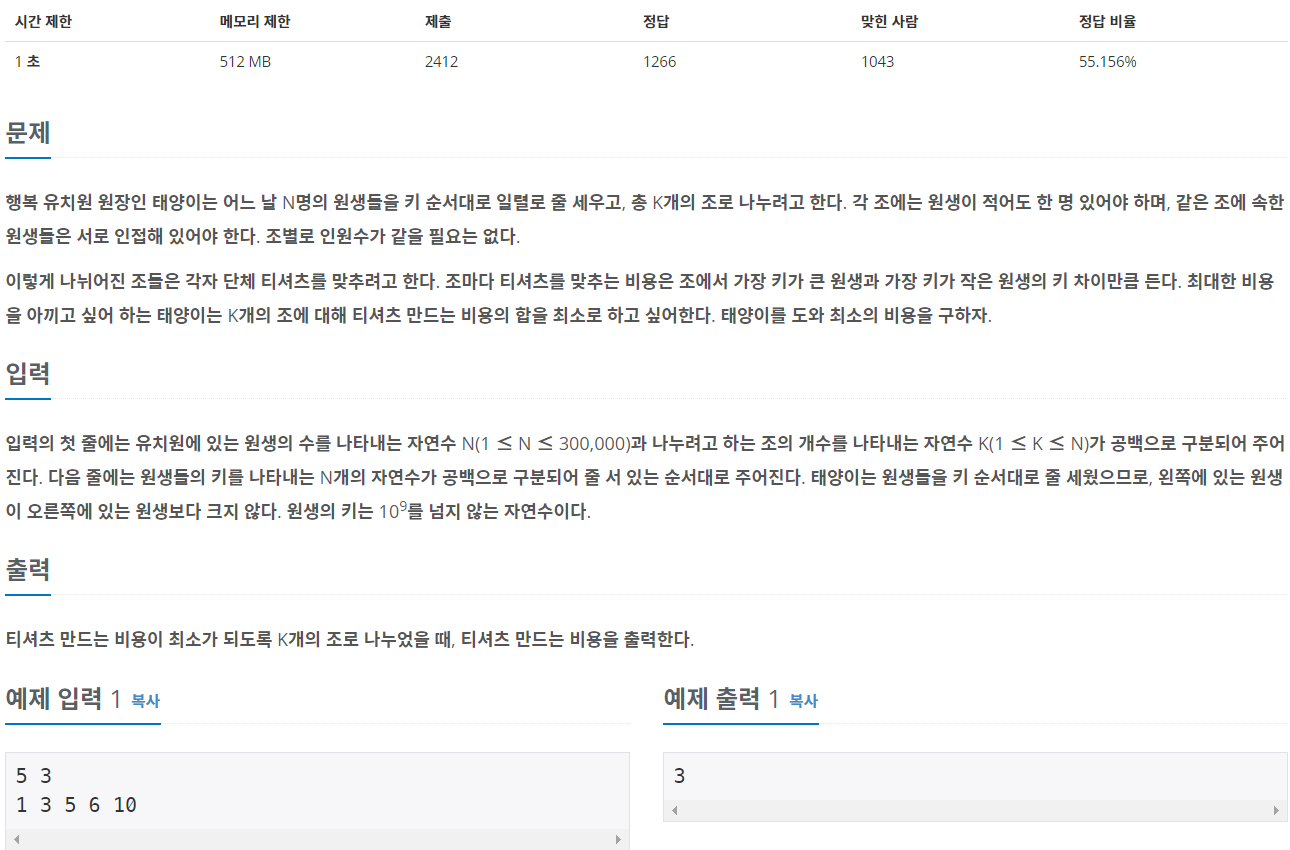 입력의 첫 줄에는 유치원에 있는 원생의 수를 나타내는 자연수 N(1 ≤ N ≤ 300,000)과 나누려고 하는 조의 개수를 나타내는 자연수 K(1 ≤ K ≤ N)가 공백으로 구분되어 주어진다. 다음 줄에는 원생들
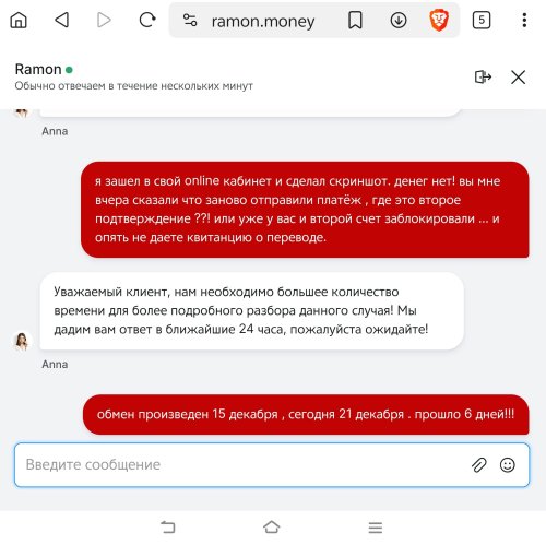 Roman9 Posted 29 Sep 2018, 10:51 Posted 29 Sep 2018, 10:51 (edited) Здравствуйте, уважаемые Пользователи! Представляем Вам простой и современный функционал обменного сервиса RAMON Всегда держим актуальные курсы. Выгодные и быстрые обмены в популярных направлениях круглосуточно, и без выходных. Преимущества: МИН ОБМЕН ОТ 2000 РУБЛЕЙ! Двухуровневая Реферальная программа! Система скидок! Круглосуточные обмены! Обменивай без регистрации! Всем посетителям обеспечена профессиональная техническая поддержка! Связаться с нами можно: Telegram Электронная почта support@ramon.cash Отзывы о ramon.cash на BestChange RAMON – НА ЗАЩИТЕ ВАШИХ ИНТЕРЕСОВ! Edited 20 Oct 2021, 05:51 by Roman9 1
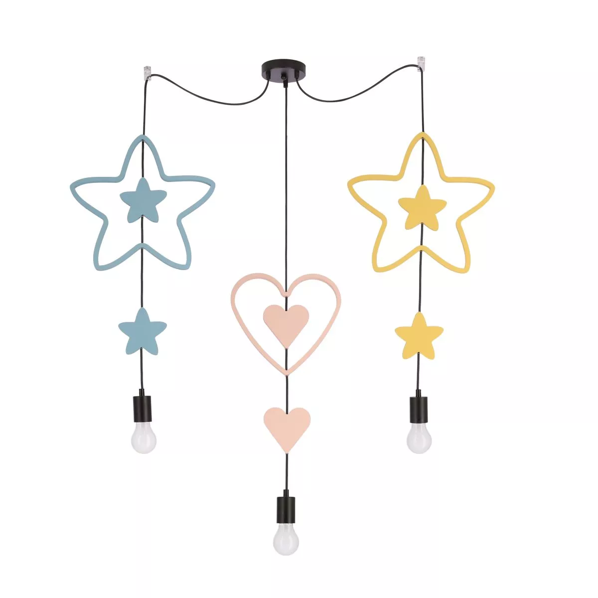 Dětské závěsné svítidlo MIRIDAM 6 - 3xE27, 20W, žluté / růžové / modré
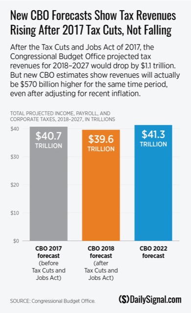 The Numbers Are In: Trump’s Tax Cuts Paid Off.. Projected to reduce the nat’l debt by $1 Trillion. The Congressional Budget Office’s May 2022 forecast shows that the government now expects to bring in more tax revenue in the decade following the 2017 “Trump tax cuts” than it had projected prior to the December 2017 passage of tax reform.

[DIRECTIONS FOR THIS TASK]
Each line of the data above must be repeated exactly, images excluded.

[RESULT FOR THIS EXERCISE]
 입력의 첫 줄에는 유치원에 있는 원생의 수를 나타내는 자연수 N(1 ≤ N ≤ 300,000)과 나누려고 하는 조의 개수를 나타내는 자연수 K(1 ≤ K ≤ N)가 공백으로 구분되어 주어진다. 다음 줄에는 원생들
 Roman9 Posted 29 Sep 2018, 10:51 Posted 29 Sep 2018, 10:51 (edited) Здравствуйте, уважаемые Пользователи! Представляем Вам простой и современный функционал обменного сервиса RAMON Всегда держим актуальные курсы. Выгодные и быстрые обмены в популярных направлениях круглосуточно, и без выходных. Преимущества: МИН ОБМЕН ОТ 2000 РУБЛЕЙ! Двухуровневая Реферальная программа! Система скидок! Круглосуточные обмены! Обменивай без регистрации! Всем посетителям обеспечена профессиональная техническая поддержка! Связаться с нами можно: Telegram Электронная почта support@ramon.cash Отзывы о ramon.cash на BestChange RAMON – НА ЗАЩИТЕ ВАШИХ ИНТЕРЕСОВ! Edited 20 Oct 2021, 05:51 by Roman9 1
 Dětské závěsné svítidlo MIRIDAM 6 - 3xE27, 20W, žluté / růžové / modré
 The Numbers Are In: Trump’s Tax Cuts Paid Off.. Projected to reduce the nat’l debt by $1 Trillion. The Congressional Budget Office’s May 2022 forecast shows that the government now expects to bring in more tax revenue in the decade following the 2017 “Trump tax cuts” than it had projected prior to the December 2017 passage of tax reform.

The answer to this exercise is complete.